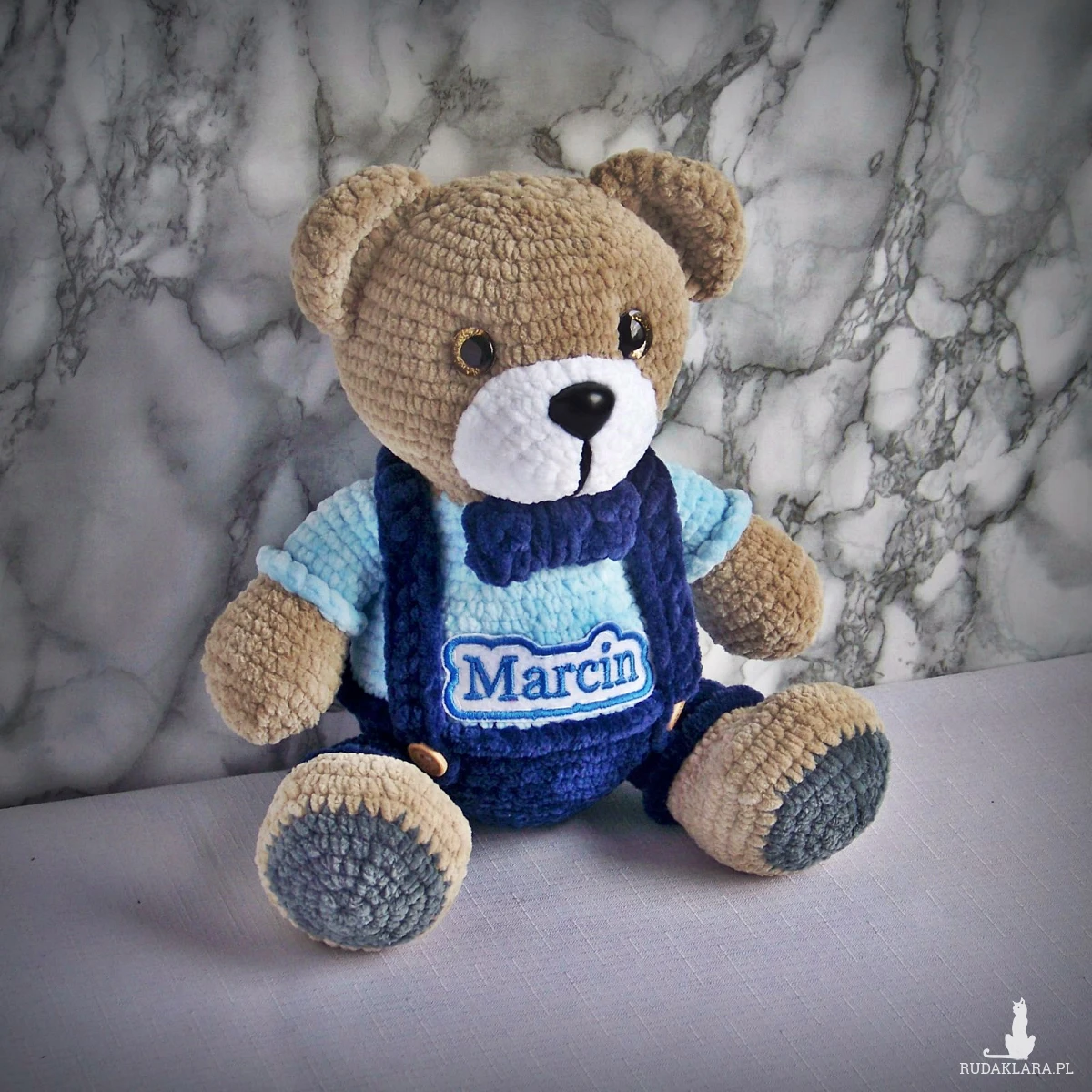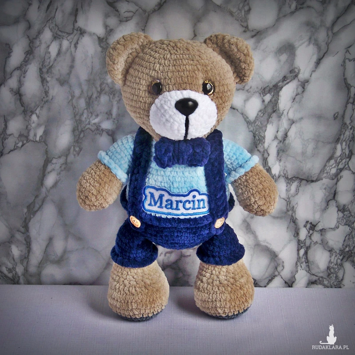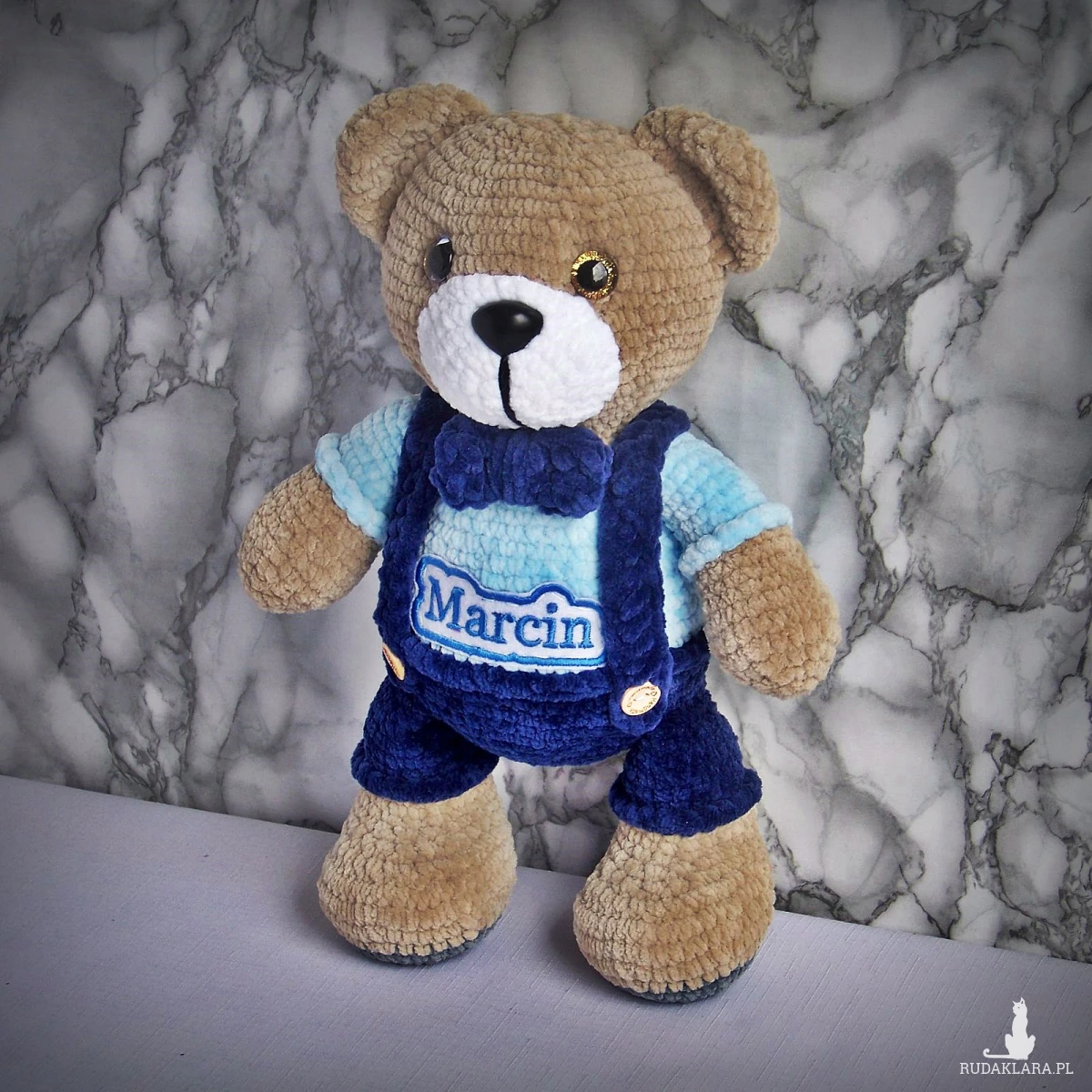 Szydełkowy miś Marcin 32cm w granatowych spodenkach (na zamówienie)
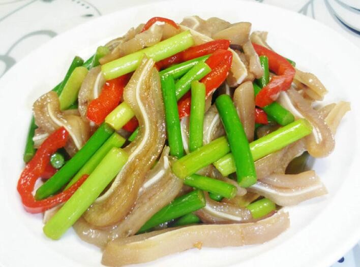 食材:猪耳朵、红椒、蒜苔、盐、生抽、鸡粉
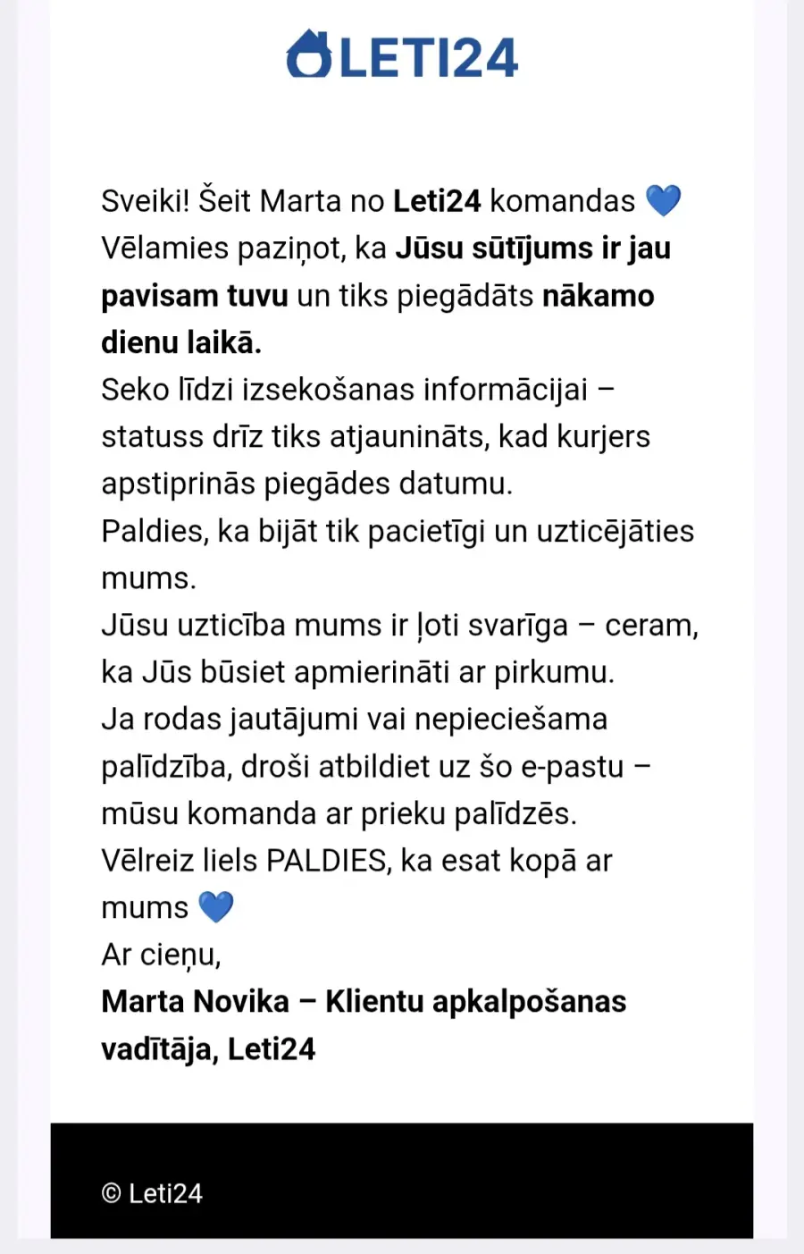 Līdz 13.01.2026 pasūtījums nav piegādāts
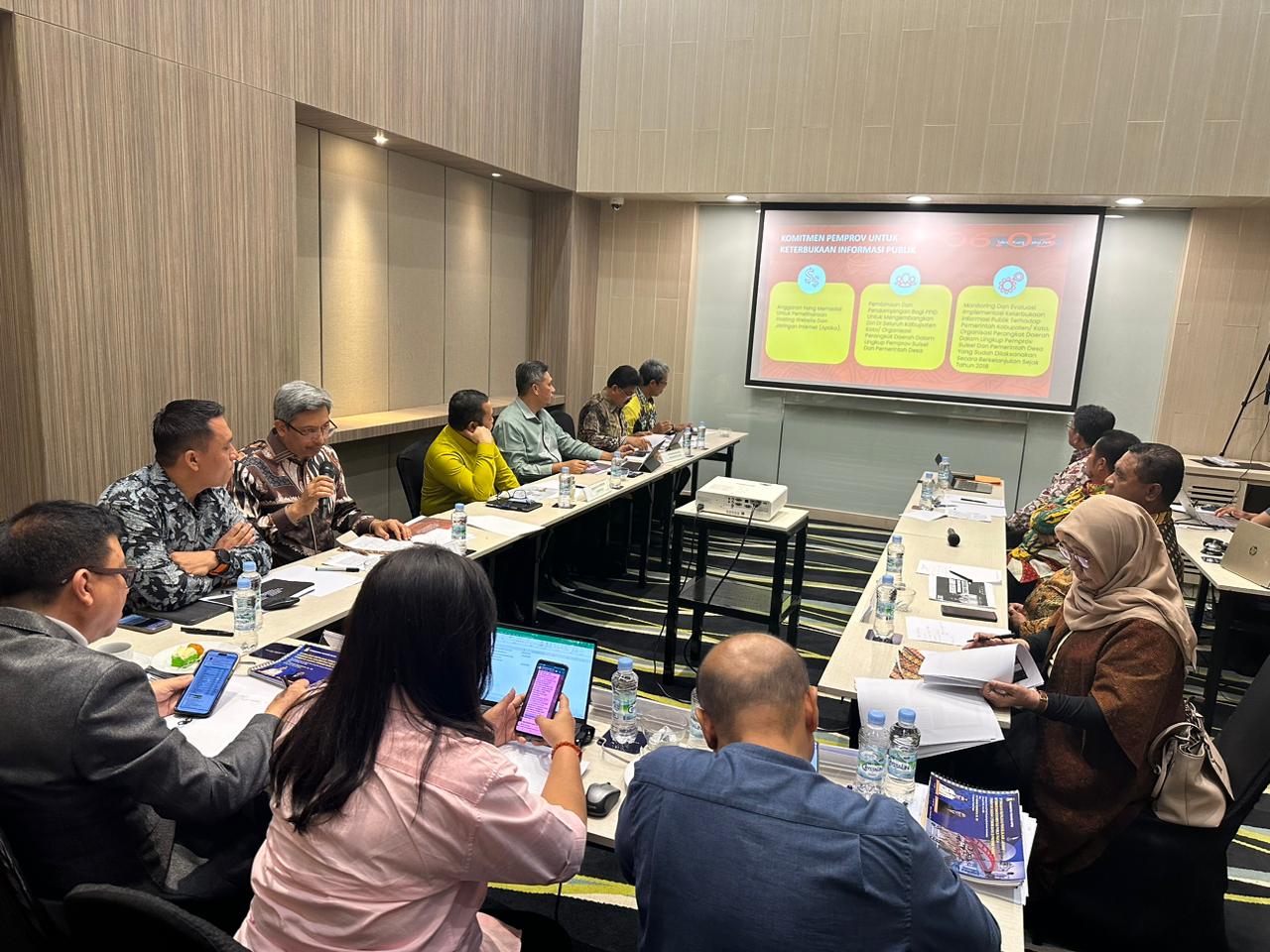 Pj Sekda Sulsel didampingi Kepala Dinas Komunikasi, Informatika, Statistik dan Persandian Provinsi Sulsel, Andi Winarno Eka Putra, Kepala Bidang Humas Erlan Triska, dan para Kepala Bidang di lingkup Diskominfo-SP Sulsel dalam mempresentasikan dihadapan Komisi Informasi Pusat di Hotel Mercure Kemayoran, Jakarta, Kamis (30/11/2023).
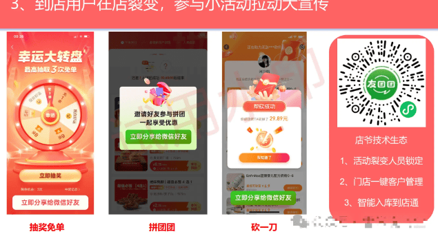模式落地依赖 “友客值店爷” 系统,该系统可追踪 20 层分享路径,实现实时分佣,同时绑定用户社交ID,通过准确触达唤醒沉睡客户。此外,“砍一刀”“幸运大转盘” 等互动工具,将裂变转化率提升 40%,进一步放大获客效果。
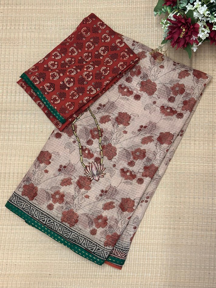 Mishrita Terracotta Floral Kota Saree
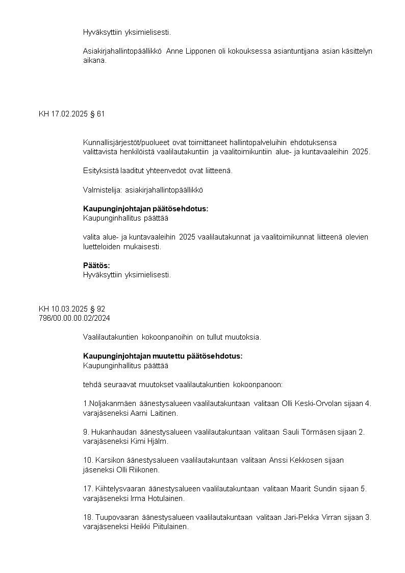 Pöytäkirja 10.03.2025/Pykälä 92
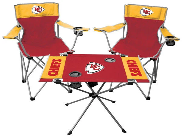 Tailgating gear is an essential part of any sporting event! Whether your meeting your friends at the Stadium to watch a National Football League game or you just want to show your support for your favorite team at a backyard BBQ, these items are the perfect tailgate accessories. This NFL kit features two kickoffs chairs, an endzone table, and a transport bag with team logo. Ā
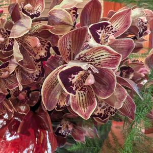 おはようございます😊 今日のお花💐 🌿シンビジウム🌿 ラン科シュンラン属(シンビジウム属) 多年草 2024.11.15 撮影📸 立寄った鉄板料理店で出会いました✨ 初めての色合いのお花に パシャリ🤳
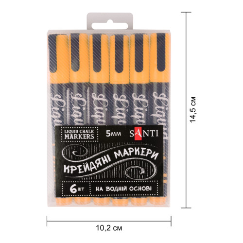 Купить набор меловых маркеров SANTI золото 5 мм 6 шт в коробке на Арткопилка — оригинальная продукция SANTI по лучшим ценам с доставкой в Киев, Львов, Одессу, Днепр, Харьков и любой город Украины.
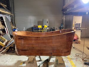 It was a mad rush to get it completed for their final reveal filming on the house, which took place 17 June 2024. Now, the team from Tasmanian Shipwrights & Co have taken the bath back to their workshop for the final topcoat of Epifanes.
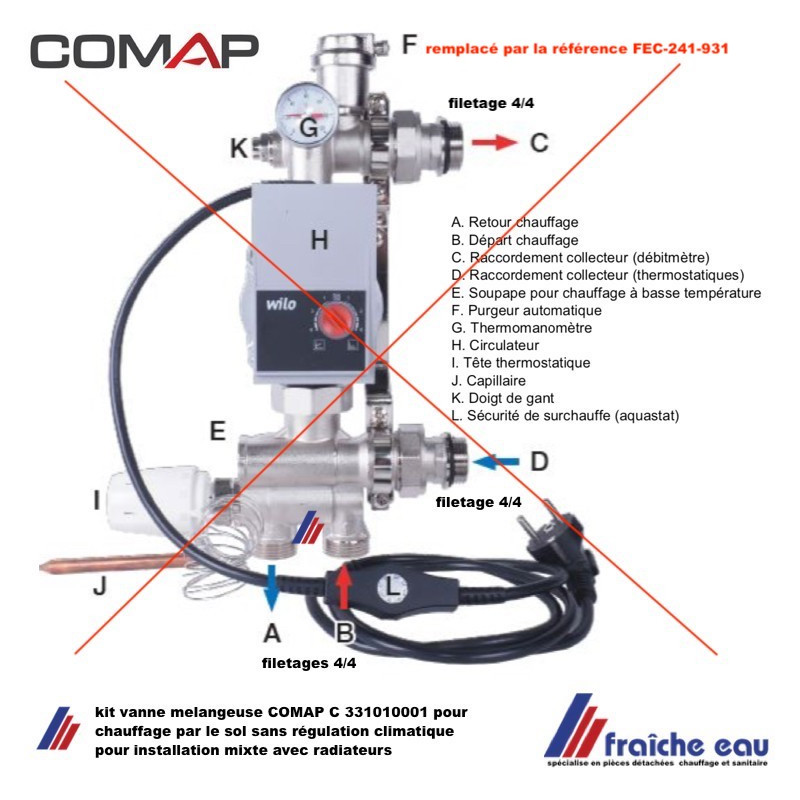 melangeur COMAP pour chauffage par le sol avec circulateur WILO YONOS 15/6, utilisation mixte avec installation de radiateurs

========================================

__BRIEF__. Reproduce the listing above only between the lines holding "食材:猪耳朵、红椒、蒜苔、盐、生抽、鸡粉" and "Купить набор меловых", inclusive. Every line must match exactly, and pictures are dropped.

__RESULT BELOW__.
 食材:猪耳朵、红椒、蒜苔、盐、生抽、鸡粉
 Līdz 13.01.2026 pasūtījums nav piegādāts
 Pj Sekda Sulsel didampingi Kepala Dinas Komunikasi, Informatika, Statistik dan Persandian Provinsi Sulsel, Andi Winarno Eka Putra, Kepala Bidang Humas Erlan Triska, dan para Kepala Bidang di lingkup Diskominfo-SP Sulsel dalam mempresentasikan dihadapan Komisi Informasi Pusat di Hotel Mercure Kemayoran, Jakarta, Kamis (30/11/2023).
模式落地依赖 “友客值店爷” 系统,该系统可追踪 20 层分享路径,实现实时分佣,同时绑定用户社交ID,通过准确触达唤醒沉睡客户。此外,“砍一刀”“幸运大转盘” 等互动工具,将裂变转化率提升 40%,进一步放大获客效果。
 Mishrita Terracotta Floral Kota Saree
 Pöytäkirja 10.03.2025/Pykälä 92
 Tailgating gear is an essential part of any sporting event! Whether your meeting your friends at the Stadium to watch a National Football League game or you just want to show your support for your favorite team at a backyard BBQ, these items are the perfect tailgate accessories. This NFL kit features two kickoffs chairs, an endzone table, and a transport bag with team logo. Ā
 おはようございます😊 今日のお花💐 🌿シンビジウム🌿 ラン科シュンラン属(シンビジウム属) 多年草 2024.11.15 撮影📸 立寄った鉄板料理店で出会いました✨ 初めての色合いのお花に パシャリ🤳
 Купить набор меловых маркеров SANTI золото 5 мм 6 шт в коробке на Арткопилка — оригинальная продукция SANTI по лучшим ценам с доставкой в Киев, Львов, Одессу, Днепр, Харьков и любой город Украины.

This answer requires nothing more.